Roth-Händle is a former tobacco manufacturing company based in Lahr, Germany. The brand is now managed by Reemtsma, a subsidiary of Imperial Tobacco since 2002.

History
Roth-Händle was launched in 1897 and has been registered since July 22, 1897, in the German register of trade marks. "Roth-Händle" cigarettes were referred to colloquially as "Lung torpedo", "Lung suppository", "Toth-Händle" or "Red death" due to its former strength. Today, it is forbidden to sell cigarettes in the European Union with an amount of tar, nicotine and carbon monoxide that is higher than 10 (tar), 1.0 (nicotine) or 10 (carbon monoxide) milligrams.

The fact that the cigarettes consist predominantly of dark tobacco and do not contain the now usual flavor additives is characteristic of the brand. Therefore, they were advertised in older advertisements as "all natural". Roth-Händle cigarettes contain mainly tobaccos from German production, including the "Geudertheimer".

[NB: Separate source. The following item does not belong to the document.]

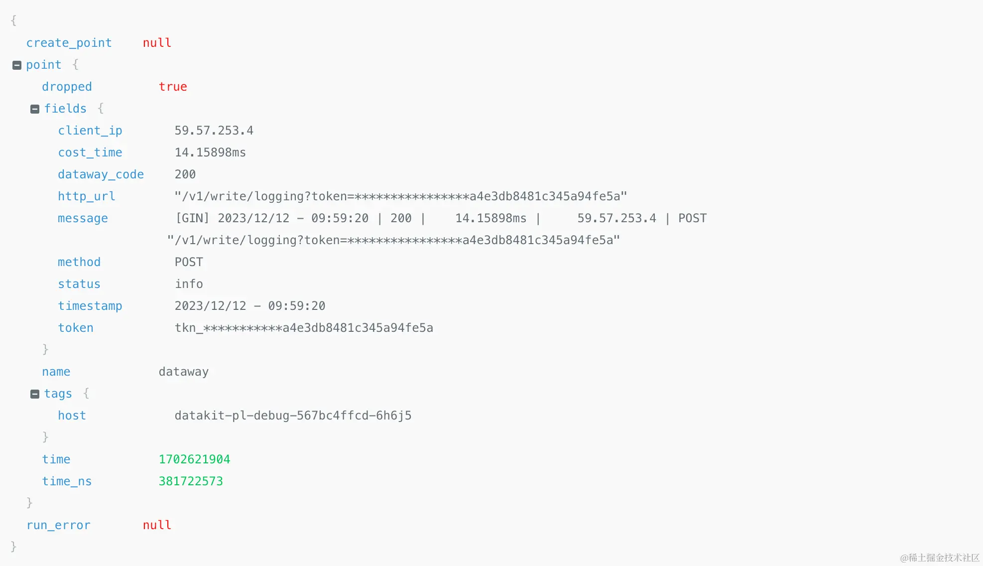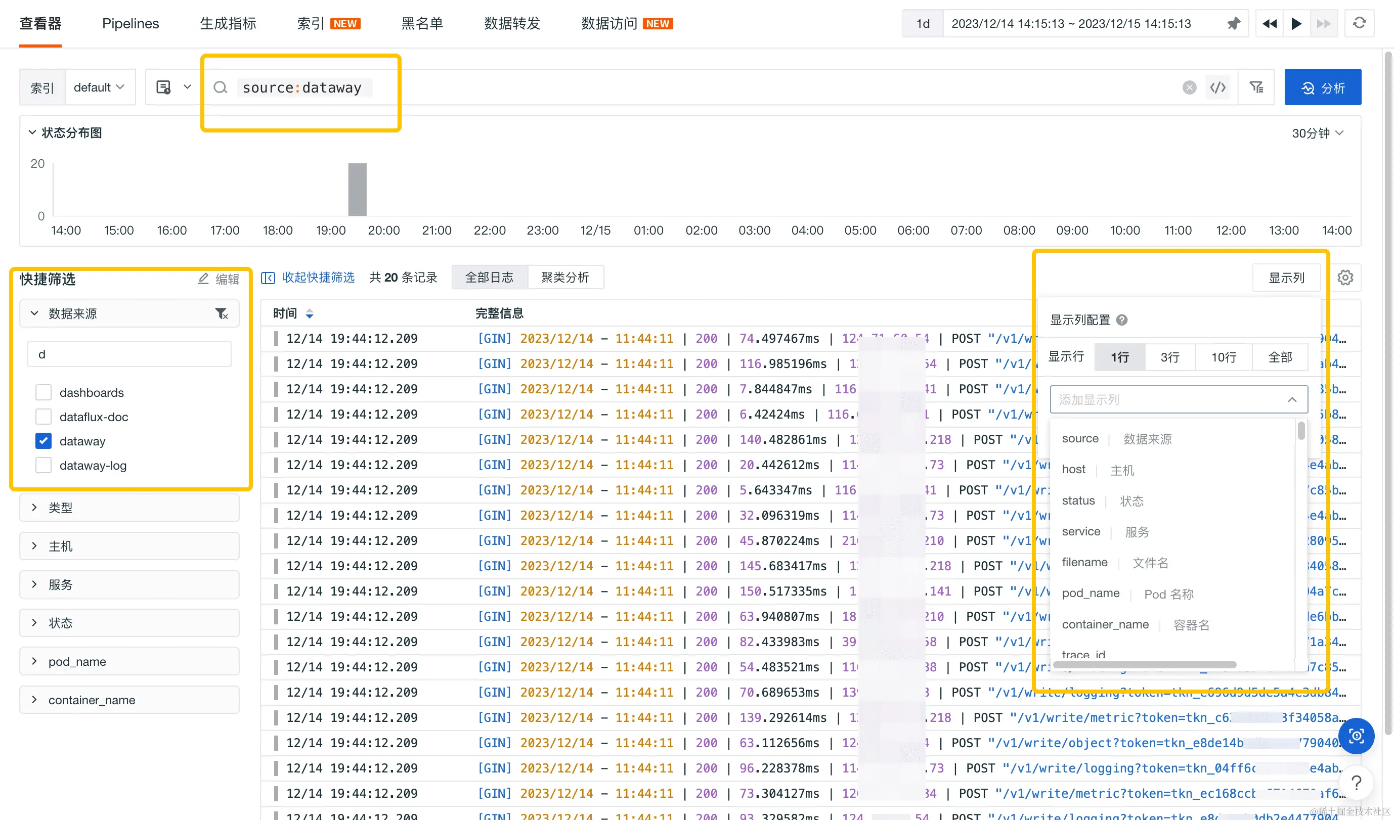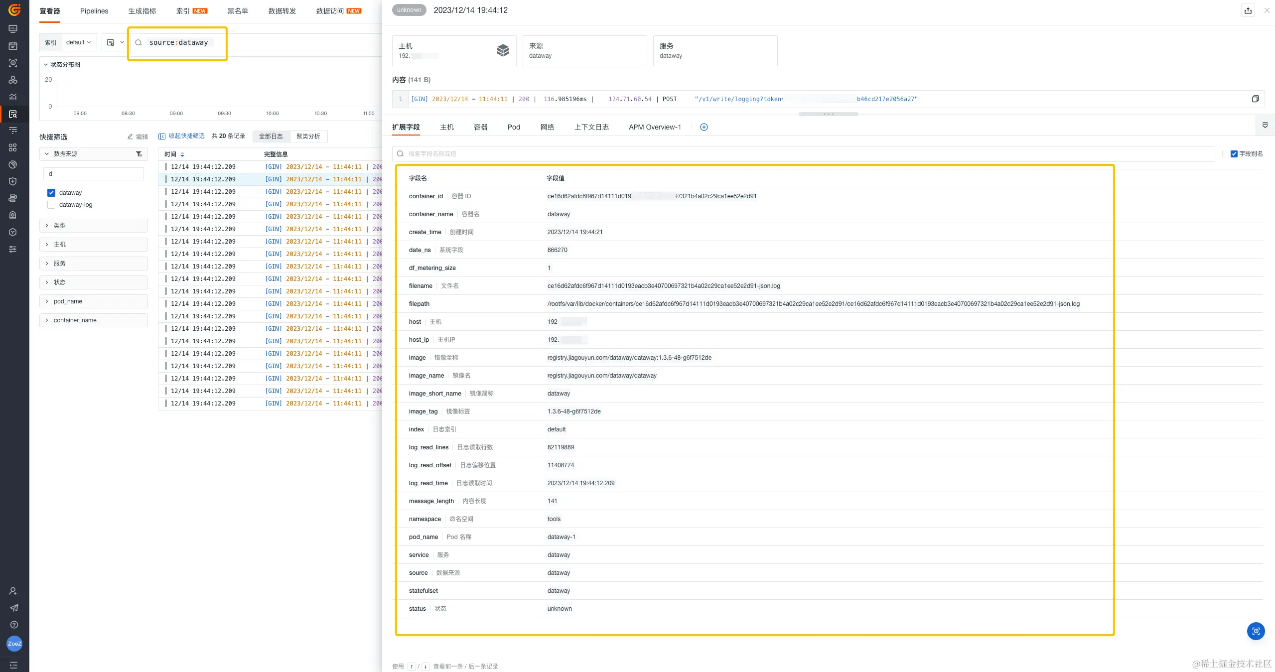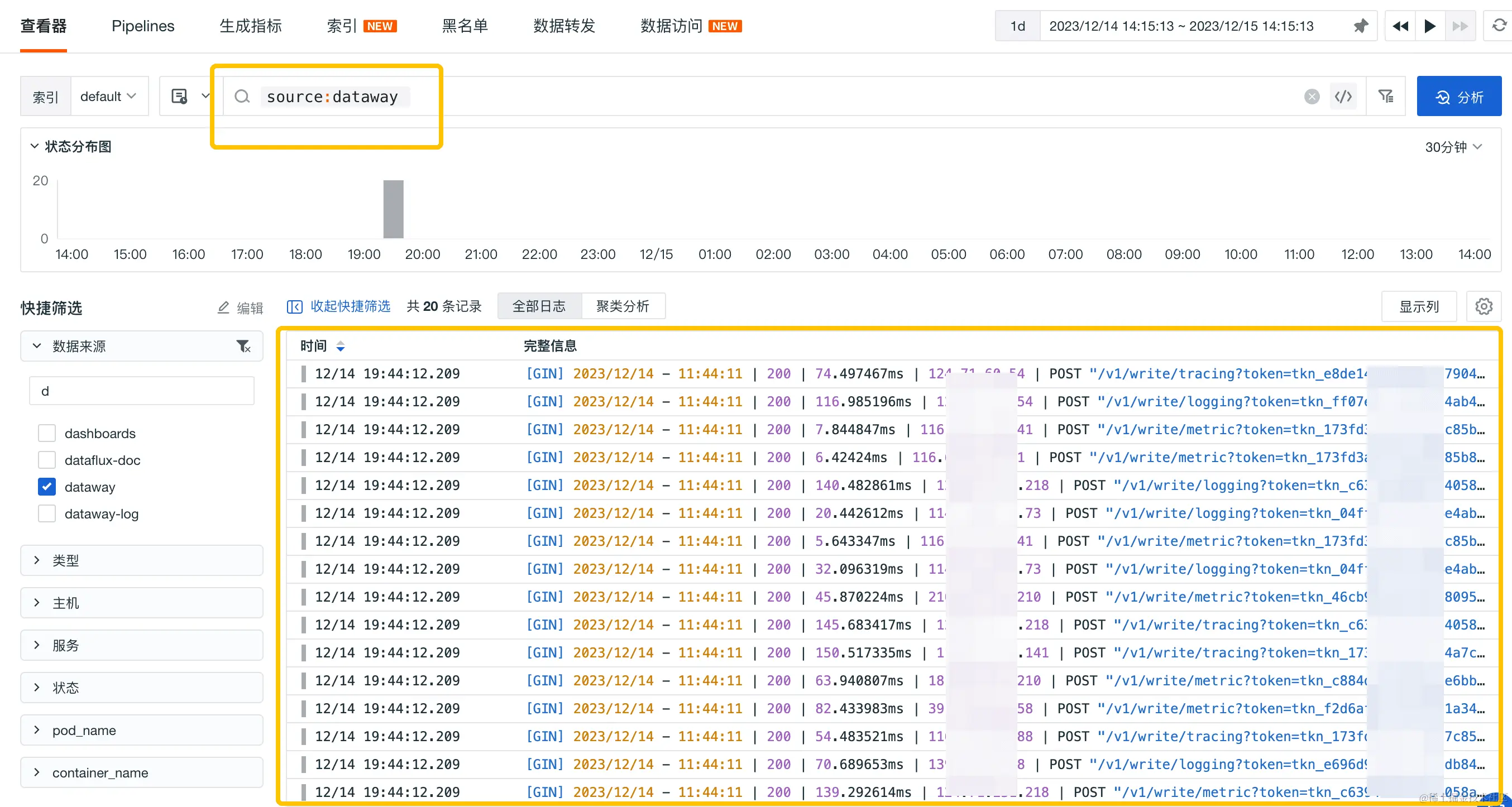 开启日志采集器后,我们就可以在观测云查看和分析 Dataway 日志,确定需要日志切割出的字段,如日志产生的时间、日志的生成地址、日志状态以及日志的内容等。

The classic filterless version is best known. The variant "Roth-Händle filter" also existed up until October 2017. The cigarettes are sold in a "soft pack" and with a traditionally held black inscription on a red background (filter: white letters on a red background). Under the name "Roth-Händle", the red hand used on the packs is a registered trademark. A fine-cut tobacco is also available under the name "Black Hand", corresponding to the character of the Roth-Händle.

In 1991, the European Commission prohibited the then "heavy" cigarettes, containing a high amount of tar, nicotine and carbon monoxide. The ban was put in place to protect heavy smokers of the Reemtsma brands Roth-Händle, Reval, "West Strong" and "Astor". From 1993 onwards, the EC Council of Ministers announced in Brussels in mid-November that manufacturers in the countries of the European Union were only allowed to sell brands with a maximum of 15 milligrams of tar per cigarette. By 1998, the carcinogenic pollutant was eventually reduced to 12 milligrams.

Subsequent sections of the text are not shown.